Getting it right is a challenge and some common pitfalls can be outlined:

  1. Pursuing an outsourcing strategy to "remove a headache" is a misdirected motive. More than one executive has let the thought cross his or her mind that "it really would be nice if my managers didn't complain about system downtime and connectivity problems every time they speak to me." Operational headaches can be cured, and outsourcing is indeed one of the ways of doing so, but that should not be the primary motivation.
  2. Treating outsourcing as a monolithic, oversimplified strategic concept can prevent managers from exploring other, potentially more beneficial options. Outsourcing is related to but is not the same as moving operations offshore, relocating operations or functions within a geography, and sharing and centralizing services. In addition to the various "hows" of outsourcing, there are many other questions: Do we outsource an entire function, or just selected services?

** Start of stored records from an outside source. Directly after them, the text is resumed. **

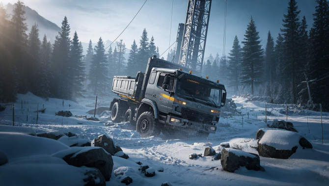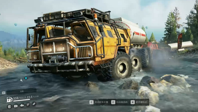 新剧情游戏开局,跟随教程至前往车库,沿路会看到一辆燃油拖车,用绞盘(即卷扬机)拉到车库旁拖车商店和两格拖车一并卖掉。进入车库,将附赠的两台DLC卡车以及雪佛兰全部卖掉,切换全球地图到泰美尔购买亚速6,并在附加装置中购买改装维护框架,从淹没之地车库出发前往西南方山间小溪处的Tayga 6436,触发SOS任务并进行维修,使用复原返回车库后再次前往彻底维修。
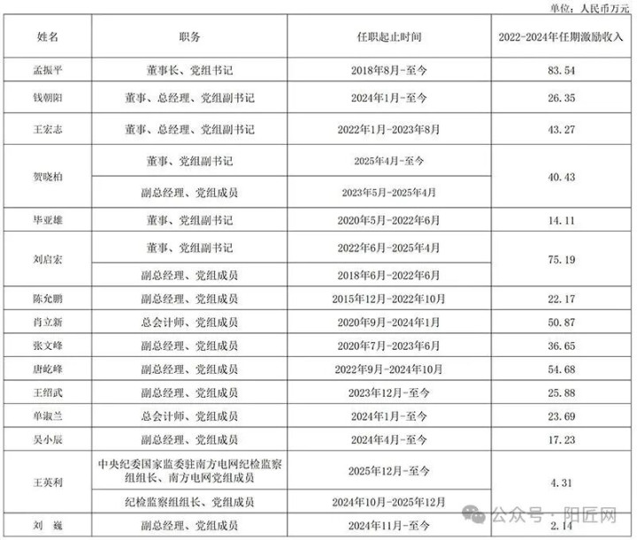 中国南边电网有限包袱公司企业矜重东说念主2022-2024年任期激勉收入情况
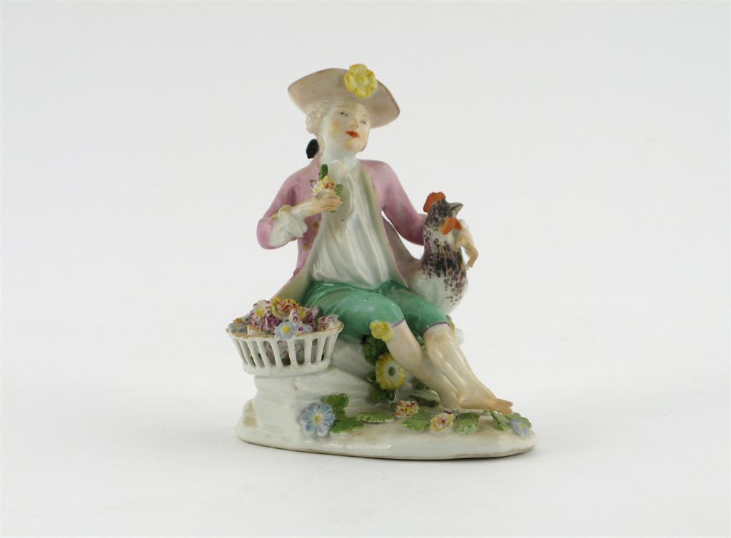 A Meissen model of a seated boy, his bare legs outstretched upon the flower encrusted pad base, his left arm draped around the neck of his cockerel, his right hand plucking blooms from a reticulated basket by his side, a faint crossed swords mark to the reverse, mid 18th century, a little good restoration, 11cm.

Do we enter into a long-term agreement, or conduct a series of short-term "experiments?" Do we multi-source to several vendors at once, or find a single outsourcing partner?

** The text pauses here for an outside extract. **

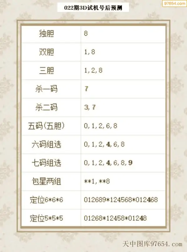 022期铜墙铁壁3D试机号预测

  3. Outsourcing poorly managed operations in the hopes that someone else can manage them better. This is a way of trading one headache for another. While it is critical for value chain partners in an outsourcing relationship to play to their relative strengths, outsourcing something you don't know how to manage or understand can lead to problems later on. For example, it is difficult to develop sensible and realistic service level agreements and long-term, mutually beneficial contracts when one party doesn't understand the complexity of the network infrastructure being serviced or the reasons why employees call a soon-to-be-outsourced help desk. It is also unlikely that the ongoing management of the relationship with the vendor will be results-driven, since the optimal results and performance indicators won't be defined and managed systematically, let alone understood.
  4. The failure to follow a sound approach to evaluating, selecting and implementing an offshore outsourcing strategy can lead to less than optimal results. A simplistic approach to identifying what is currently considered core and noncore to the business may result in the loss of future capabilities, an increase in operational risk or the loss of control over critical business processes. When pursuing an outsourcing strategy, success will depend on the depth to which management can understand operational performance and the degree to which the team follows a well-tested process for evaluating the opportunity, selecting the best way of optimizing the operation or function, implementing the change program and regularly monitoring the service going forward.
  5. Market developments can change the relative value to be gained from outsourcing altogether. Many observers of the pharmaceutical industry had high hopes for a rapid increase in the use of small drug manufacturers in emerging markets as outsourcing partners. But when large pharmaceutical and biotech companies decided to merge operations, there was a tendency to emphasize improving the utilization of unused internal capacity rather than looking to move functions and operations outside. External factors can change the relative pay-offs.

While the first two of these issues require a change in mind-set, the last three demand a clear, systematic and results-oriented approach to understanding and realizing the opportunities from outsourcing. In other words, overcoming the issues of poorly managed operations, finding and following a sound approach to outsourcing, and monitoring market developments are all very much about implementation and execution.

Companies will be better off when the attention moves from building hype to crafting practical, implementable outsourcing solutions.